If you want performance improvement, this is the fastest swapping operation, faster than the stl::swap runs on standard C++ compilers.
template<typename T=int>
void swap(T* p, T* q, int size)
{
    T* ptmp = new T[size];
    memcpy(ptmp, p, sizeof(T)*size);
    memcpy(p, q, sizeof(T)*size);
    memcpy(q, ptmp, sizeof(T)*size);
    delete[] ptmp;
}
You can make it even faster by replacing the call to new with (int*)alloca(sizeof(int)*size) and commenting out the delete. But alloca is kind of limited as it uses function stack. Okay so you would call it like this:
 //line 5 
    swap(A[j], A[i]);
    //int t1 = A[j][0];
    // ... 
//line 18
This is from the documentation of std::swap():
Non-array: Constant: Performs exactly one construction and two assignments (although each of these operations works on its own complexity).
Array: Linear in N: performs a swap operation per element.
since this swap() performs operation on block of memory rather than element by element therefore it is better then std::swap(). I have confirmed the results using AQtime.

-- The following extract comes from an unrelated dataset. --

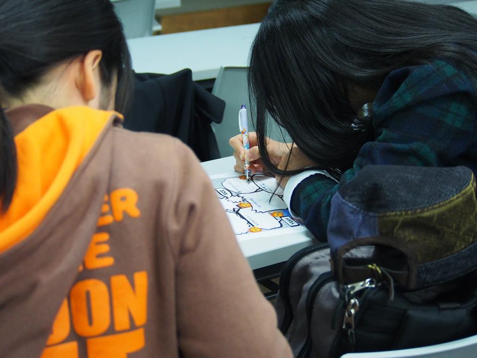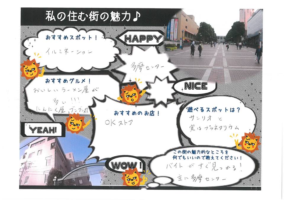 ワーク形式で学生さんの住んでいる地域の魅力を書いてもらいました!

for anyone thinking about "space-locality, cache-miss-prone, cache aligment, cache friendly blah blah blah..." here it is for them:
the memcpy implementations are often written with SIMD instructions which makes it possible to shuffle 128 bits at a time. SIMD instructions are assembly instructions that can perform the same operation on each element in a vector up to 16 bytes long. That includes load and store instructions.
For people who are confused, here is how the std::swap() is implemented in utility header file VC 2012 by Microsoft
        // TEMPLATE FUNCTION swap
template<class _Ty,
    size_t _Size> inline
    void swap(_Ty (&_Left)[_Size], _Ty (&_Right)[_Size])
    {   // exchange arrays stored at _Left and _Right
    if (&_Left != &_Right)
        {   // worth swapping, swap ranges
        _Ty *_First1 = _Left;
        _Ty *_Last1 = _First1 + _Size;
        _Ty *_First2 = _Right;
        for (; _First1 != _Last1; ++_First1, ++_First2)
            _STD iter_swap(_First1, _First2);
        }
    }